When an essential aircraft part becomes unavailable, it’s not a constraint for the 533 Commodities Maintenance Squadron. They take the motto, “Built right. Ready to fight,” to an entirely different level since they can fabricate their own parts.

This skilled group of engineers and technicians design, prototype and manufacture thousands of critical components annually, that can’t be found anywhere else in the world. 

Some of the parts they mill, shape, bend and construct include B-1 hinges, T-38 aileron control levers, F-16 fuel shelf brackets, A-10 segments and C-130 fuselage section ribs.

Creating a usable aircraft part is not a simple process, which begins with a capability check to be sure they have the resources needed to produce the asset.
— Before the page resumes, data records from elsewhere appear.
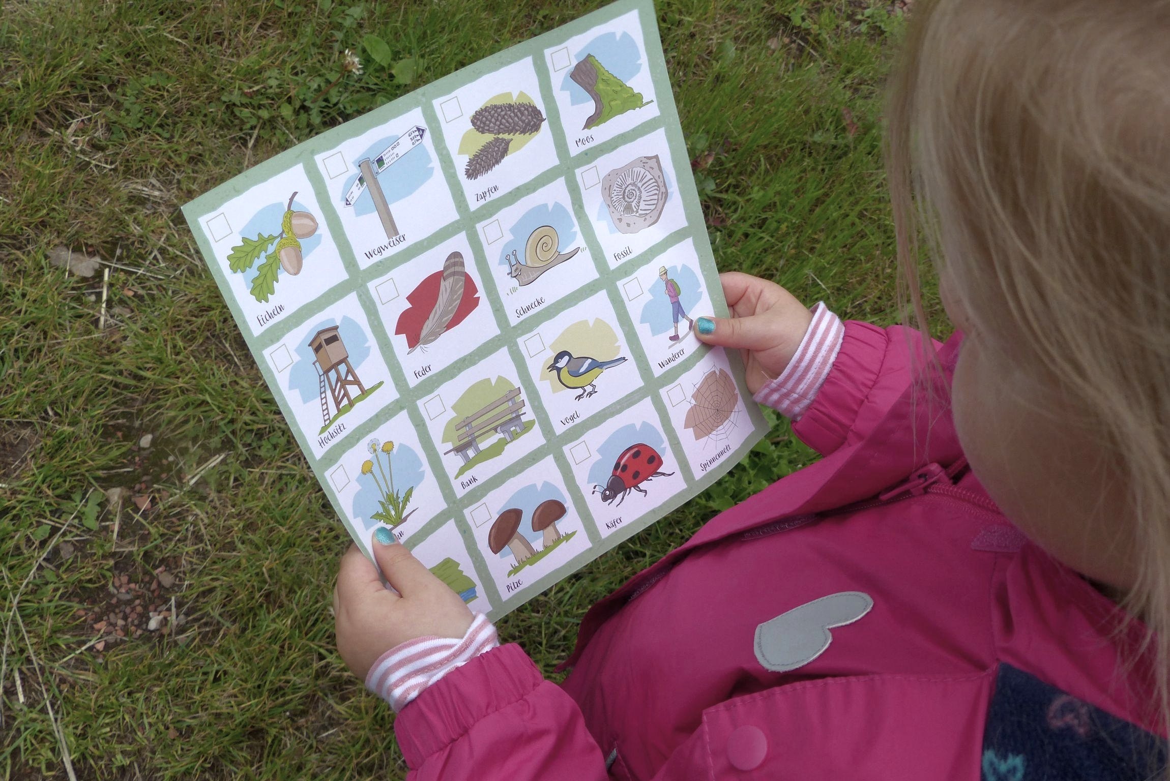 Hiking doesn't have to be boring for children. You can discover nature in a playful way through forests and fields. Who can find four of the things they are looking for first that form a line diagonally, vertically or horizontally and win the game? Stream, bank, snail, moss - bingo! The game is a nice change for the next family hike, the children's birthday party or the day of hiking with the school class.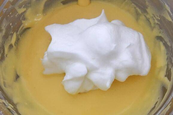 6、取三分之一蛋白霜放入奶酪糊中搅拌均匀。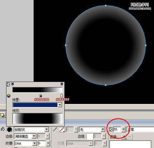 启动Fireworks -> 将背景调成“黑色”,在画布中画一个圆。

Then it goes to planning and engineering where they do modeling and programming.

“At that time, we grab the raw stock and run it across an array of different machines that may be required to make the part,” said Helen Jacobs, 533 CMMXS new manufacturing section chief. “Lathes, mills, welding, sheet metal, whatever the process would be to complete that asset. The material may need to be heat-treated, welded, machined, or any number of procedures. It’s quite a process.”

These parts are manufactured in order to bridge a gap in the regular supply system, when there’s no contract in place from an outside source.
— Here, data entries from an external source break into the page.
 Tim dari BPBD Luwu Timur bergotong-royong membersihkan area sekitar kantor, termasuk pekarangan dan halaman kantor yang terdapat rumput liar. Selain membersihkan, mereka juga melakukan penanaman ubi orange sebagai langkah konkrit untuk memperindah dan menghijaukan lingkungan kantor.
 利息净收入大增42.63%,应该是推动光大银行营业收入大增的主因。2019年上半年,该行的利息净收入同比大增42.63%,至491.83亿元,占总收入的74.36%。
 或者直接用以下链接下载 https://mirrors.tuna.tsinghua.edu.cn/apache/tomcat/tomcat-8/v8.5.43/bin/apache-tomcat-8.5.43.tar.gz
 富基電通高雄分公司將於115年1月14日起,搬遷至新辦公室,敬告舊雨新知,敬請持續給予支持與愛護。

“They come to us and say they need a certain amount of back orders for a specific part,” said Darren Ketchell, 533 CMMXS new manufacturing flight chief. “I’ll fill that back order until it’s supportable in supply. I might build 10 assets or I might build 100. It depends on what the Air Force need is and what that bridge gap is from when that contract is going to deliver; I can fill that gap.”

A possible aircraft grounding about 12 years ago, because of an unavailable part, is what put the local parts manufacturers on the map.

The T-38 aileron lever was not available through the normal supply chain, and vendors weren’t able to produce it. The new manufacturing flight aggressively went to work and ultimately produced more than 2,000 of the important part, avoiding a fleet grounding.

Ketchell said there’s always been a need and a requirement for local manufacturing because they fulfill a vital role for the military.

“People don’t realize the capability that local manufacturing has,” he said. “We’re a small entity, but we have a big impact on the overall mission. We play a huge part in the overall success of people producing their end-item asset.”